I was reading A Separation by Katie Kitamura the other day, which I liked OK, when I discovered, in the middle of a $25 hardcover, a big fat typo (“breath” where it should say “breathe”). The book is out from Riverhead, an imprint of Penguin. This is the big dogs! And still no one could be bothered to read the entire thing through… just one last time before they sent it.

Of course, that person would probably be an underpaid, overworked assistant…

OK maybe a little bit of a rant.

The last book I read was called Fire Sermon. I have a soft spot for literary fiction that’s basically erotica but this book had me gritting my teeth. It’s a first-person narrative of an affair between a married professor and a poet told largely through email and ugh, they just have so much money. At the end, the professor and her husband who rapes her, whom she hates and lies to, grow old together in a nice house in the countryside.

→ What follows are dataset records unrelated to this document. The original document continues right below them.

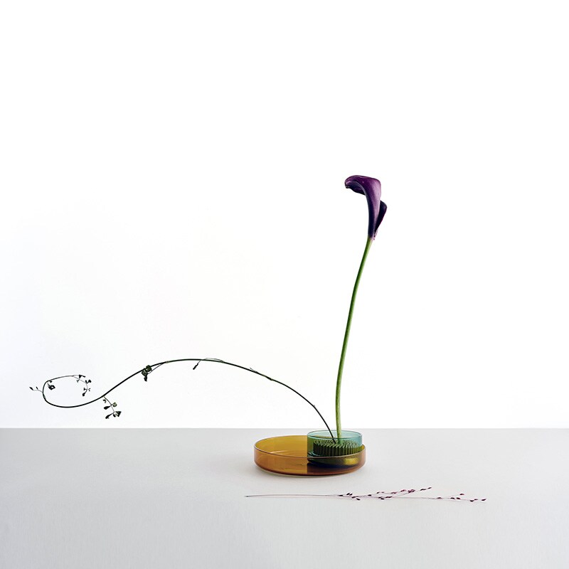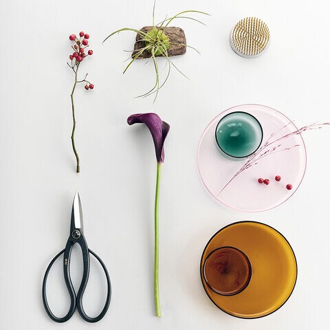 伝統的な日本の花器と、西洋の美しいカラーガラスを融合させた遊び心あるデザインの「ケンザンセット」。日本の伝統文化として、和の精神や美意識を表現する芸術をお楽しみいただけます。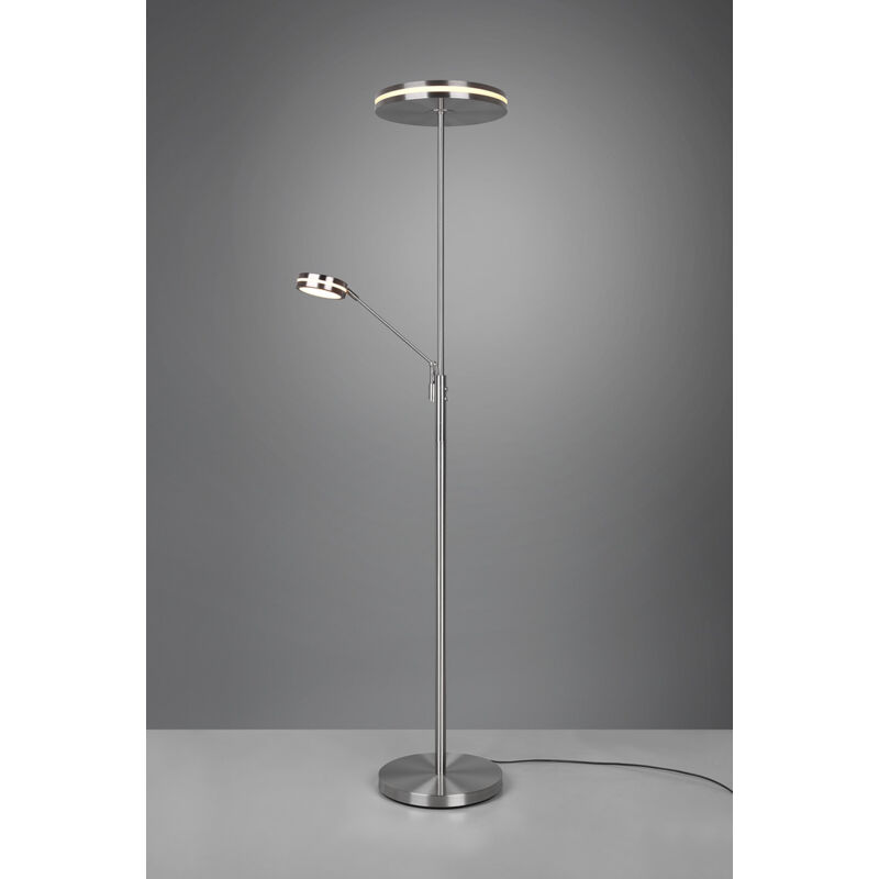 Piantana Piantana da Interno a LED SMD in Metallo Nickel Opaco Franklin Piantana Led con Lampada Lettura Metallo Acciaio con Regolazione Intensità Touch Dimmer + Regolazione Luce Calda, Naturale e Fredda e Funzione Memorizzazione H. 180Cm Caratteristiche Tecniche Stile Moderno Fonte di luce principale: Inclusa a LED Materiale: Metallo Colore Finitura: Nickel opaco Potenza (W): 35 Lumen: 4100 Kelvin: 2700+3200+4000K Alimentazione (V): 230 Durata Nominale (h): 20000 Numero Accensioni: 15000 Classe energetica: F Altezza (cm): 181 Diametro (cm): 35,2 Cavo-Base-Spina (mm): 1800 Colore del cavo: Nero Peso netto (kg): 6,48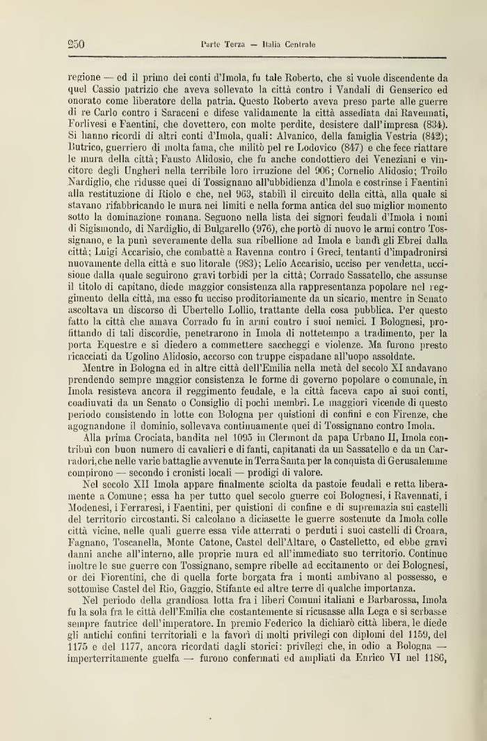 regione — ed il primo dei conti d'Imola, fu tale Roberto, che si vuole discendente da quel Cassio patrizio che aveva sollevato la città contro i Vandali di Genserico ed onorato come liberatore della patria. Questo Roberto aveva preso parte alle guerre di re Carlo contro i Saraceni e difese validamente la città assediata dai Ravennati, Forlivesi e Faentini, elio dovettero, con molte perdite, desistere dall'impresa (834). Si hanno ricordi di altri conti d'Imola, quali: Alvanico, della famiglia Vestria (842)1 ISutrico, guerriero di molta l'anta, che militò pel re Lodovico (847) e che fece riattare le mura della città; Fausto Alidosio, che fu anche condottiero dei Veneziani e vincitore degli Ungheri nella terribile loro irruzione del 906; Cornelio Alidosio; Trailo Nardiglio, che ridusse quei di Tossignano all'ubbidienza d'Imola e costrinse i Faentini alla restituzione di Riolo e che, nel 9(53, stabili il circuito della città, alla quale si stavano rifabbricando le mura nei limiti e nella forma antica del suo miglior momento sotto la dominazione romana. Seguono nella lista dei signori feudali d'Imola i nomi di Sigismondo, di Nardiglio, di Bulgarello (976), che porto di nuovo le armi contro Tossignano, e la punì severamente della sua ribellione ad Imola e bandì gli Ebrei dalla città; Luigi Accarisio, che combattè a Ravenna contro i Greci, tentanti d'impadronirsi nuovamente della città e suo litorale (983); Lelio Accarisio, ucciso per vendetta, uccisione dalla quale seguirono gravi torbidi perla città; Corrado Sassatello, che assunse il titolo di capitano, diede maggior consistenza alla rappresentanza popolare nel reggimento della città, ma esso fu ucciso proditoriamente da un sicario, mentre in Senato ascoltava un discorso di Ubertello Lollio, trattante della cosa pubblica. Ter questo fatto la città che amava Corrado fu in anni contro i suoi nemici. I Bolognesi, profittando di tali discordie, penetrarono in Imola di nottetempo a tradimento, per la porta Equestre e si diedero a commettere saccheggi e violenze. Ma furono presto ricacciati da Ugolino Alidosio, accorso con truppe cispadane all'uopo assoldate.

I could just not read this stuff and then not get angry about it, but this is what the ‘reading public’ is exposed to. This is what they buy. I just want to read something I connect to, that entertains me without pandering… I know it’s out there, but sometimes I struggle for months to find it, even as the books on my desk keep piling up.

Sports Bra

Are the straps load-bearing? Will the dog
        evade the leash? How many inches

between cup and bust’s width? Does a tree
        make its own shade or does the storm

fill seedbeds with darkness as it passes?
        Can I run in it?


My poems have been lame recently so I’ve been finishing some really old ones. Here’s what happened to a poem that used to be called ‘Shorts with Inner Brief’ (a title I’m definitely saving for something else).

In praise of taking pictures

I spent several hours this afternoon posting pictures. Posting pictures is a way of keeping them somewhere I know I can come back to them. I can see things I couldn’t before: a false smile, a friend I didn’t value enough, how hideous a favorite pair of pants was. I got back on social media last summer and before that hadn’t posted any personal content in about three years. In those years I took hundreds of photos and never looked at most of them again, mostly of my ex and our cat. Going back through them is painful but also a good reminder of how quickly you forget what your life used to be like. It’s too easy to feel like today, yesterday, the past few months, is all there is.

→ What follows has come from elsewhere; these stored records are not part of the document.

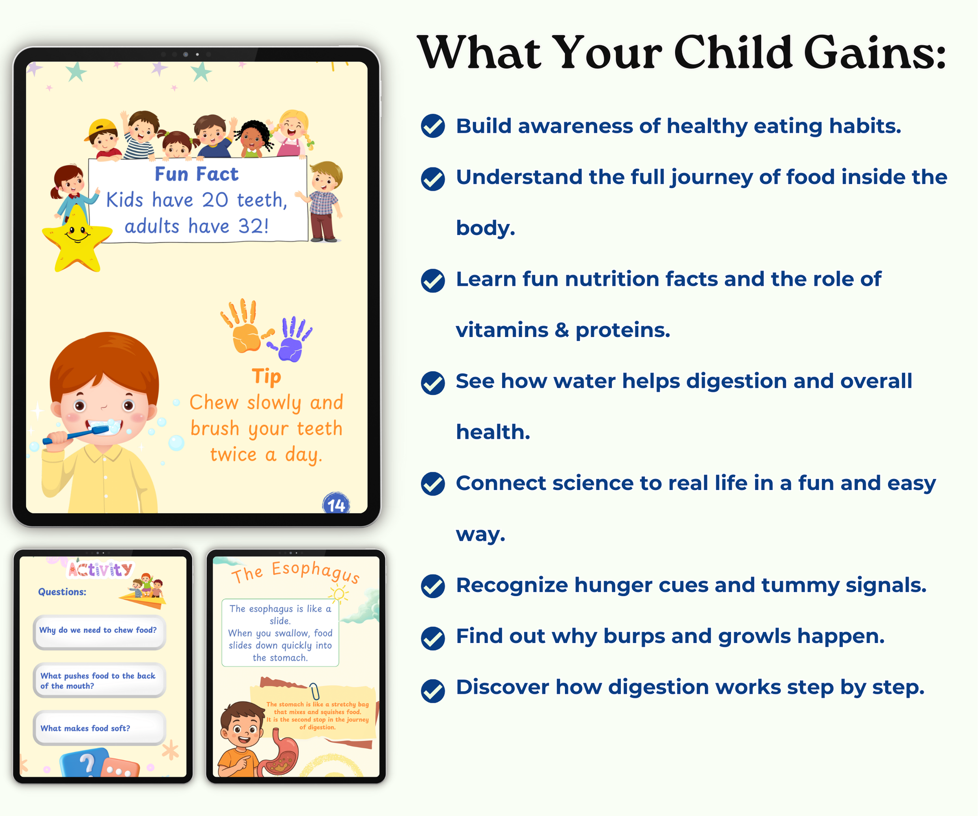 Imagine your child excitedly explaining how their tummy works, choosing healthy snacks like a nutrition pro, or marveling at the science behind a simple bite of food. This eBook isn't just about biology—it's about transforming mealtime into a thrilling expedition through the human body!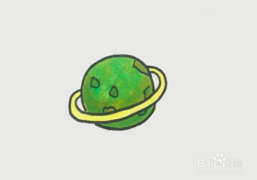 最后涂上颜色,星球涂上绿色,不规则图形涂上深绿色,圆环涂上黄色,一颗水星就画好了。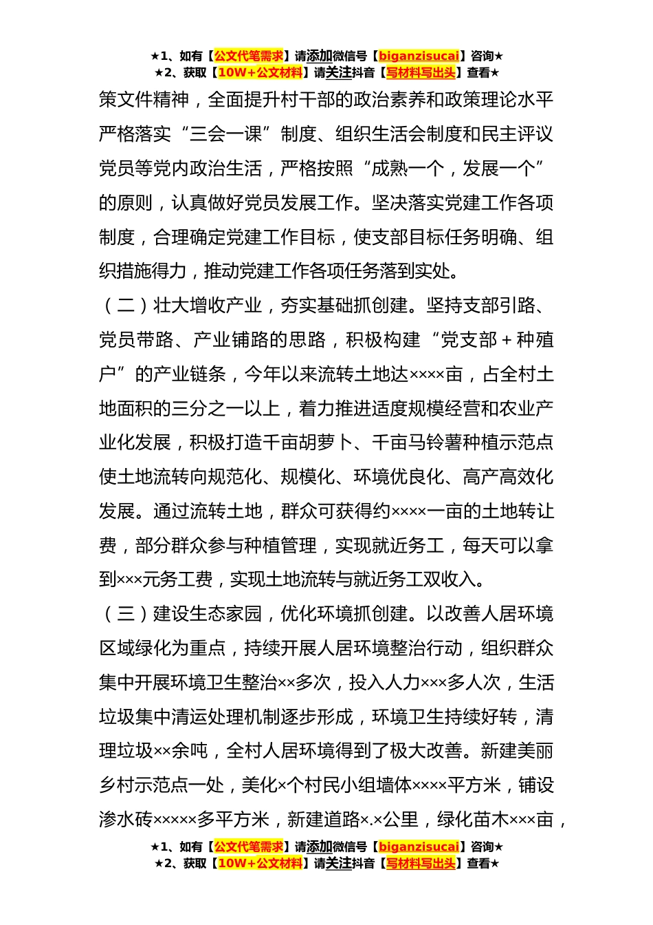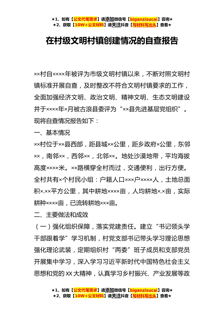 ★1、如有【公文代笔需求】请添加微信号【biganzisucai】咨询★★2、获取【10W+公文材料】请关注抖音【写材料写出头】查看★在村级文明村镇创建情况的自查报告××村自××××年被评为市级文明村镇以来,不断对照文明村镇标准开展自查,及时整改不符合文明村镇要求的工作,全面加强经济文明、政治文明、精神文明、生态文明建设并于××××年×月被古浪县委评为“××县先进基层党组织”。现将自查情况报告如下:一、基本情况××村位于××县西部,距县城××公里,距乡政府×公里,东邻××,南邻××,西邻××,北邻××。地处沙漠地带,平均海拔高度××××米。××路横穿全村而过,交通便利,出行方便。全村共有×个村民小组:户籍人口×××户××××人,土地总面积×.××平方公里,其中耕地××××亩...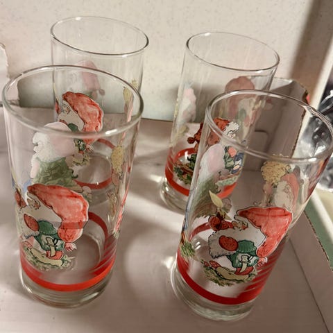 Selger en liten samling unike souvenirkrus og kopper fra ulike land og hoteller – alt fra klassiske tyske ølkrus til treskåret håndverk fra Litauen.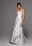 Свадебный туалет из шёлка. Лиф, отлично подчеркивающий грудь, приталеный корсет. Длинная юбка от бёдер с декоративной нашивкой драпирована многочисленными мелкими складками. Изысканная брошь будто образует все новые складки, придающие наряду необычность. Подойдет девушке среднего или небольшого роста.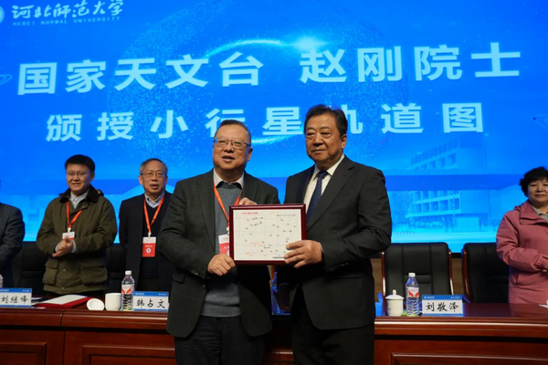 刘继峰在仪式上宣读“河北师大星”国际命名公报和命名证书,并向太阳城颁送命名公报和证书;赵刚向太阳城颁送“河北师大星”轨道图。邹虎介绍“河北师大星”的发现过程,并展示小行星相关参数和运行轨迹图。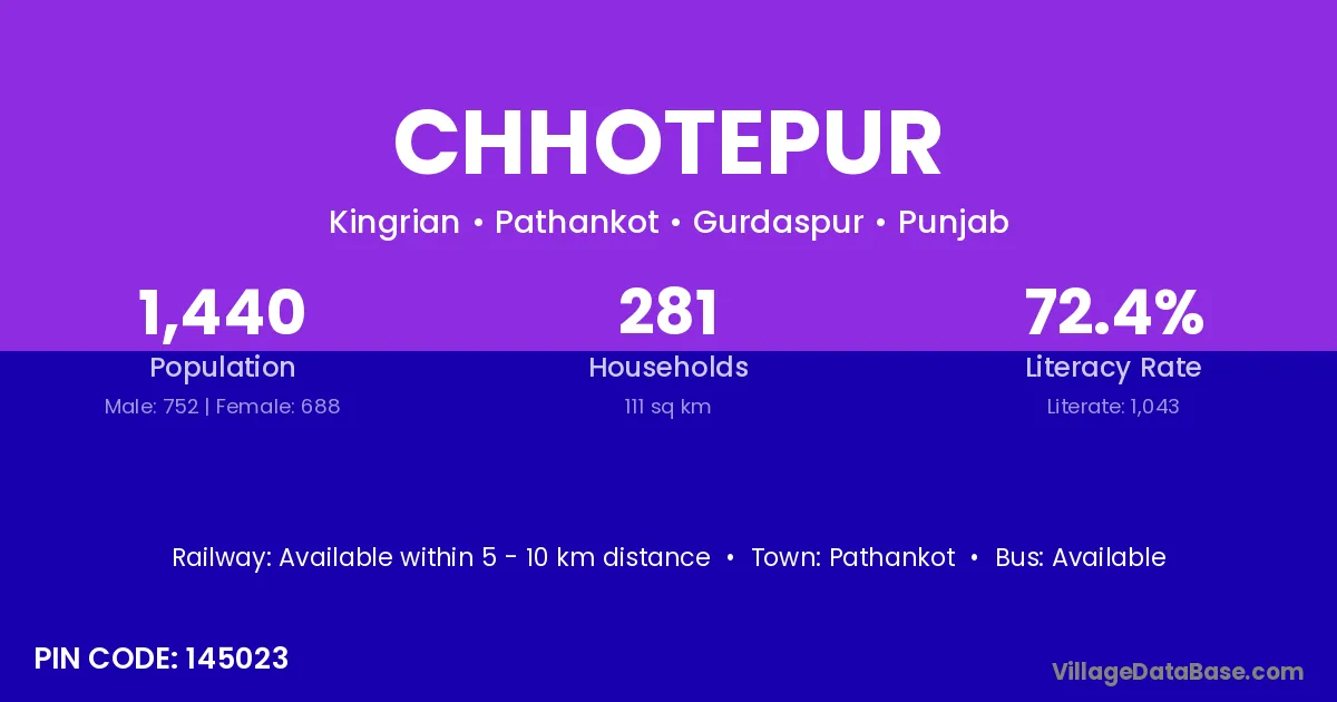 Pathankot is the nearest town to Chhotepur village for major economic activities

There was another shooting today, a couple of hours ago. College campus, two dead, several critically injured. I feels dazed and unsteady. It’s been a horrible week. Game of Thrones and the Avengers movie making my timeline suck shit, et cetera. When I came into work this afternoon we all sat in our cubicles silently. What even is there to say?

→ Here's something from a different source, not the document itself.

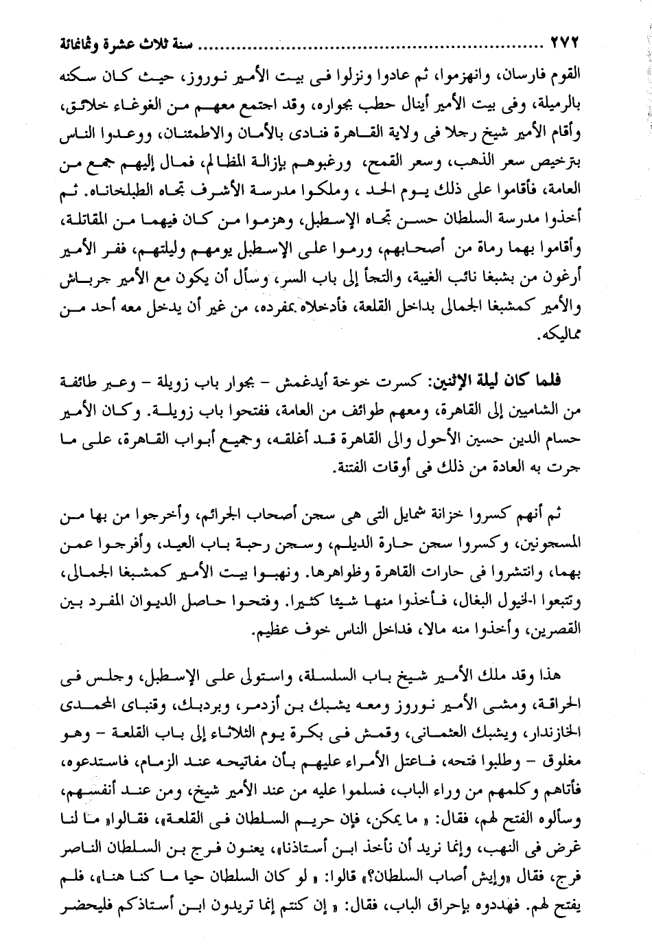 الْقَوْم فارسان وانهزموا ثمَّ عَادوا ونزلوا فِي بَيت الْأَمِير نوروز حَيْثُ كَانَ سكنه بالرميلة وَفِي بَيت الْأَمِير أينال حطب بجواره وَقد اجْتمع مَعَهم من الغوغاء خلائق وَأقَام الْأَمِير شيخ رجلا فِي ولَايَة الْقَاهِرَة فنادي بالأمان والاطمئنان ووعدوا النَّاس بترخيص سعر الذَّهَب وسعر الْقَمْح ورغبوهم بِإِزَالَة الْمَظَالِم فَمَال إِلَيْهِم جمع من الْعَامَّة فأقاموا على ذَلِك يَوْم الْحَد وملكوا مدرسة الْأَشْرَف تجاه الطبلخاناه. ثمَّ أخذُوا مدرسة السُّلْطَان حسن تجاه الإسطبل وهزموا من كَانَ فيهمَا من الْمُقَاتلَة وَأَقَامُوا بهما رُمَاة من أَصْحَابهم ورموا على الإسطبل يومهم وليلتهم ففر الْأَمِير أرغون من بشبغا نَائِب الْغَيْبَة والتجأ إِلَى بَاب السِّرّ وَسَأَلَ أَن يكون مَعَ الْأَمِير جرباش والأمير كمشبغا الجمالي بداخل القلعة فأدخلاه بمفرده من غير أَن يدْخل مَعَه أحد من مماليكه. فَلَمَّا كَانَ لَيْلَة الِاثْنَيْنِ: كسوت خوخة أيدغمش - بجوار بَاب زويلة - وَعبر طَائِفَة من الشاميين إِلَى الْقَاهِرَة وَمَعَهُمْ طوائف من الْعَامَّة ففتحوا بَاب زويلة. وَكَانَ الْأَمِير حسام الدّين حُسَيْن الْأَحول وَالِي الْقَاهِرَة قد أغلقه وَجَمِيع أَبْوَاب الْقَاهِرَة على مَا جرت بِهِ الْعَادة من ذَلِك فِي أَوْقَات الْفِتْنَة. ثمَّ أَنهم كسروا خزانَة شمايل الَّتِي هِيَ سجن أَصْحَاب الجرائم وأخرجوا من بهَا من المسجونين وكسروا سجن حارة الديلم وسجن رحبة بَاب الْعِيد وأفرجوا عَمَّن بهما وانتشروا فِي حارات الْقَاهِرَة وظواهرها. ونهبوا بَيت الْأَمِير كمشبغا الجمالي وتتبعوا الْخُيُول البغال فَأخذُوا مِنْهَا شَيْئا كثيرا. وفتحوا حَاصِل الدِّيوَان الْمُفْرد بَين القصرين وَأخذُوا مِنْهُ مَالا فداخل النَّاس خوف عَظِيم. هَذَا وَقد ملك الْأَمِير شيخ بَاب السلسلة وَاسْتولى على الإسطبل وَجلسَ فِي الحراقة وَمَشى الْأَمِير نوروز وَمَعَهُ يشبك بن أزدمر وبردبك وقنباي المحمدي الخازندار ويشبك العثماني وقمش فِي بكرَة يَوْم الثُّلَاثَاء إِلَى بَاب القلعة - وَهُوَ مغلوق - وطلبوا فَتحه فاعتل الْأُمَرَاء عَلَيْهِم بِأَن مفاتيحه عِنْد الزِّمَام فاستدعوه فَأَتَاهُم وكلمهم من وَرَاء الْبَاب فَسَلمُوا عَلَيْهِ من عِنْد الْأَمِير شيخ وَمن عِنْد أنفسهم وسألوه الْفَتْح لَهُم فَقَالَ: مَا يُمكن فَإِن حَرِيم السُّلْطَان فِي القلعة فَقَالُوا مَا لنا غَرَض فِي النهب وَإِنَّمَا نُرِيد أَن نَأْخُذ ابْن أستاذنا يعنون فرج بن السُّلْطَان النَّاصِر فرج فَقَالَ وإيش أصَاب السُّلْطَان قَالُوا: لَو كَانَ السُّلْطَان حَيا مَا كُنَّا هُنَا فَلم يفتح لَهُم. فهددوه بإحراق الْبَاب فَقَالَ: إِن كُنْتُم إِنَّمَا تُرِيدُونَ ابْن أستاذكم فليحضر

The past few years have been very shitty, from my personal microcosm to the world in general. I don’t know why I still care about keeping a record. Mostly it just makes me sad. But I think it has something to do with how likely it seems that it will all be negated in a shocking act of violence, either the slow kind or the quick. Why bother to cull the excess (delete the blurry stuff)? Even the accidental screenshots are proof of life.

When things seem unimaginably bad, I find myself looking at all the photos I have of houses, which I’ve been taking since I was in high school. An overgrown front yard in Oakland, a collapsed duplex in St. Louis, turkeys across from my dad’s place in Jersey, the cheaply erected condos on my block in Bedstuy covered in half-assed snow. The first short story I ever wrote that I was proud of was called “Little Blue Houses” and it started just this way: I saw a house, I pictured life in it, and I made something that felt human. It feels important that I remember how to do that, especially on days like this.